While the ACOG still said that women should see their ob-gyns for urgent situations—a vaginal infection, symptoms of an ectopic pregnancy, severe vaginal bleeding, etc.—recommendations for routine screenings like mammograms weren't so clear-cut. "If you are due for routine mammography but do not have a high risk of breast cancer, your screening may be rescheduled," wrote the ACOG. And now that many states are beginning to reopen, the question of getting a mammogram has become even more blurry. “This is a complex topic because even though stay-at-home orders in many places are being relaxed or lifted, the pandemic is not over,” says Laura Makaroff, MD, senior vice president of prevention and early detection at the American Cancer Society. 

So what's your best move right now if you're due for a mammogram or you've recently had to push back your appointment due to the pandemic (and should it have been pushed back at all)? Here's what you need to know about routine breast cancer screenings during COVID-19, according to experts.

How safe is it to get a mammogram during COVID-19?

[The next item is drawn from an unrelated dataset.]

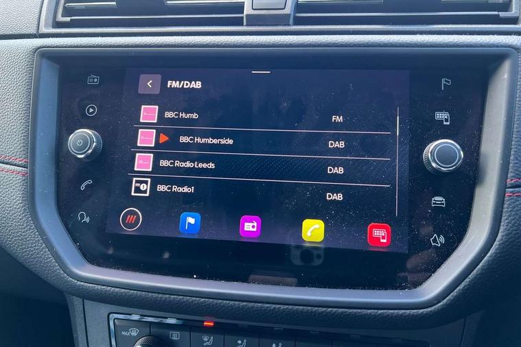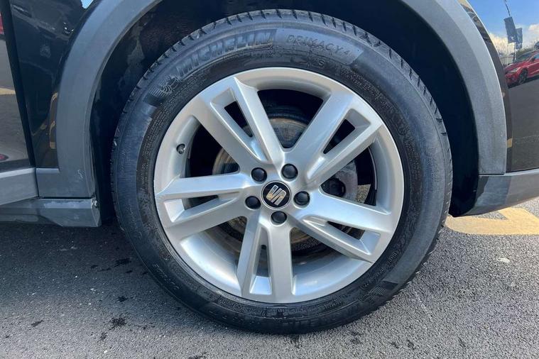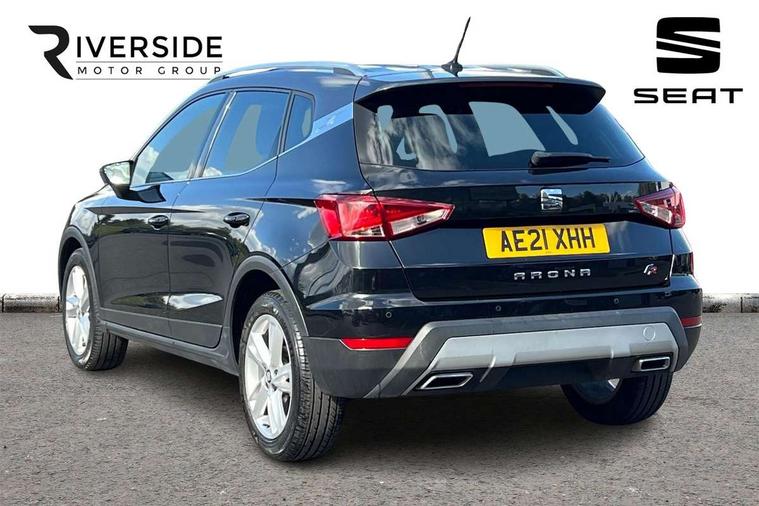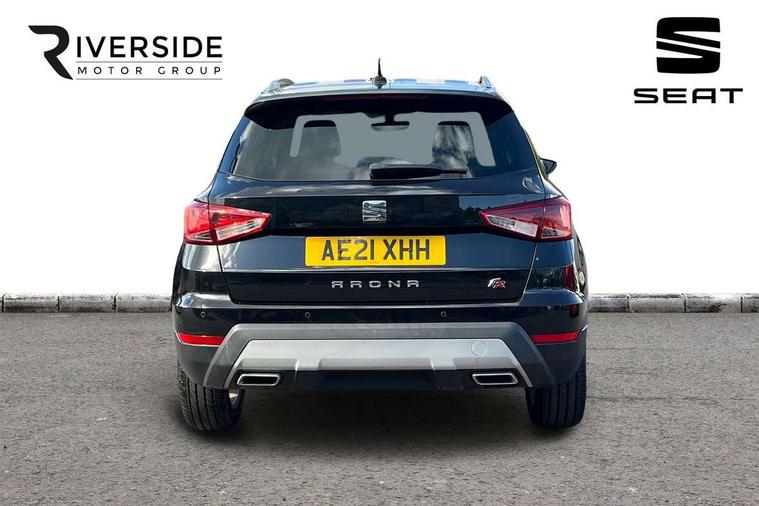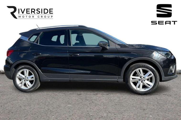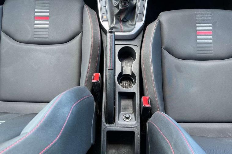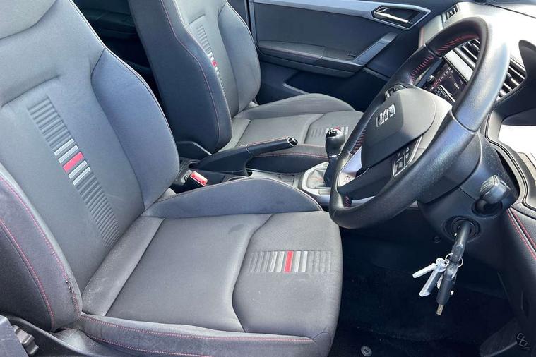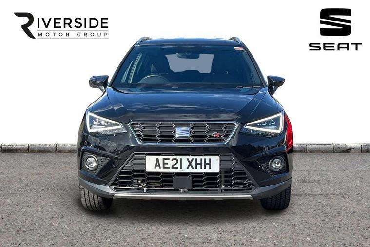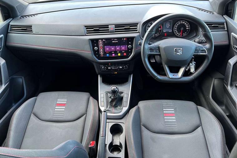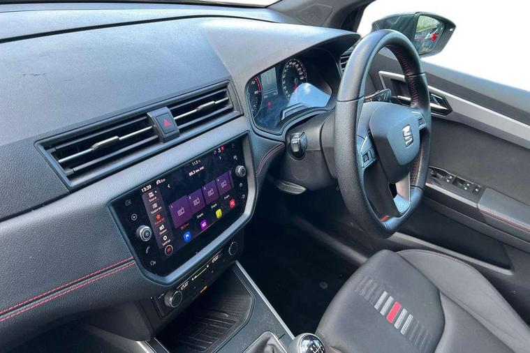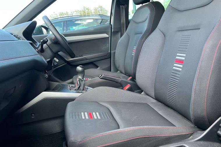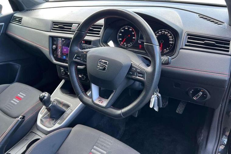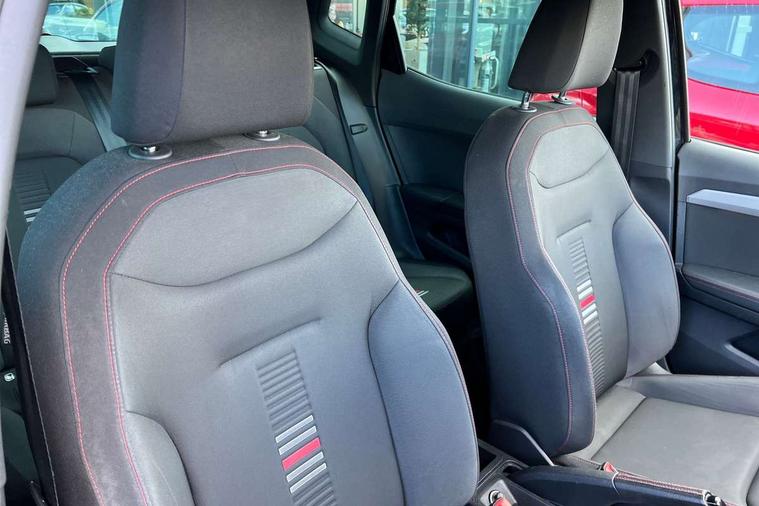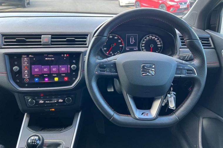 Interior chrome line trim, Leatherette dashboard, Connectivity pack plus - Arona, Interior chrome pack - Arona, 17" Dynamic alloy wheels, 2 folding remote keys with window open/close function, Alarm with back-up horn, Electronic engine immobiliser, Locking wheel bolts, Remote central locking + deadlocks, Tow away protection, 6 speakers, Bluetooth interface for hands free and audio streaming, DAB digital radio and AM/FM radio, Steering wheel mounted audio controls, 3 point seatbelts on all rear seats, ABS, Active front headrests, Child locks on rear doors, Driver and front passenger airbags with front passenger airbag de activation, front side and curtain airbags, Electronic stability control, Emergency Brake Assist (EBA) and front assist, Front and rear seatbelt reminder, Hill hold control, Multi-Collision braking, Tiredness recognition system, Traction control, Tyre pressure monitoring system, Anti theft roof antenna, Auto dimming interior rear view mirror, Automatic activation of hazard warning lights, Automatic headlights, Body coloured bumpers, Body coloured door handle inserts, Chrome front grille frame, Chrome roof rails, Chrome window trim, Coming/leaving home lighting function, Dark tinted rear windows, Electric front/rear windows with one touch/auto up/down, Electrically adjustable, heated and folding door mirrors, Full LED headlights dipped and mainbeam + front and rear fog lights, LED daytime running lights, LED rear tail lights and licence plate lights, Protective side mouldings, Rain sensing wipers, Rear window wash/wipe, Roof colour door mirrors, Twin exhaust pipe styling hidden exhaust pipe, Visible VIN plate, Windshield wiper with intermittent control and potentiometer, 2 cupholders, 60/40 split folding rear seat, Aircare filter, Black interior roof, Double boot floor, Driver sunvisor with covered mirror + card holder, Dual zone climate control, Front courtesy light with front reading lights, Front sport seats, Gear shift indicator, Height adjustable front seats, Height/reach adjustable steering column, Illuminated boot, Instrument lighting with brightness control, Interior light in footwell, central console and door panel, ISOFIX points in outer rear seats with top tether anchorage points, Multi-colour ambient interior lighting, Nora cloth upholstery, Passenger sunvisor with vanity mirror, Perforated flat bottomed leather steering wheel/gear knob/handbrake with red stitching and FR logo, Two front and three rear height adjustable headrests, 'Lights On' Reminder warning buzzer, Cruise control and speed limiter, Digital clock, Electric speed sensitive power steering, Full Link Smartphone Integration with Mirror Link, Apple Car Play, Google Android Auto with USB cable for Apple and Android compatibility, Low fuel warning light, Outside temperature display, Rear parking sensor, RPM counter, Seat connect with safety, service, remote and online, SEAT Drive profile - Four different models normal-sport-eco-individual, steering response, throttle response, Trip computer, Sports suspension,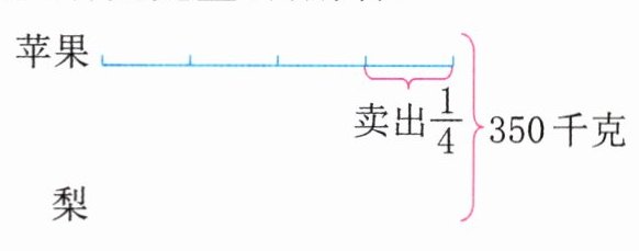(5) 水果店购进苹果和梨一共350千克。如果苹果卖出$\frac{1}{4},$那么剩下的苹果和梨同样重。水果店购进苹果多少千克?(先把线段图补充完整,再解答)

The COVID-19 pandemic has proven that nowhere you go is 100% safe, and there’s still a risk that you can catch the virus in any setting. But skipping an important cancer screening is risky, too. “As a breast surgeon, my concern is that people are not coming in and that we're going to see more advanced stages of breast cancer than usual because people are not getting diagnosed early,” Sarah Cate, MD, a breast cancer surgeon at Mount Sinai, tells Health. Delaying a mammogram for a month or two shouldn’t be a problem, but pushing it off for six months or waiting until next year allows a cancer that could have been caught early to progress. 

When it comes to choosing whether or not you want to postpone a mammogram, the answer is in weighing your risks, Dr. Makaroff says. Some things to consider: What is your personal risk for breast cancer, how common is COVID-19 in your area, and what is your risk for complications if you were infected with COVID-19? 

These questions should help you answer whether you should get screened ASAP or if it’s okay to delay a bit longer. If you’re at higher risk for breast cancer—say, if you know you have a mutation on a BRCA gene or you know you have a family history of breast cancer—or if you’ve felt a lump in one of your breasts, the chance of catching breast cancer at an early stage likely outweighs the risk of catching COVID-19 while you’re at the screening. If you’re at average risk for breast cancer, without anything in your or your family’s medical history to suggest greater risk, but at high risk for complications from COVID-19, it’s probably okay to delay a mammogram appointment until it feels safer to go out, as long as you clear that with your doctor.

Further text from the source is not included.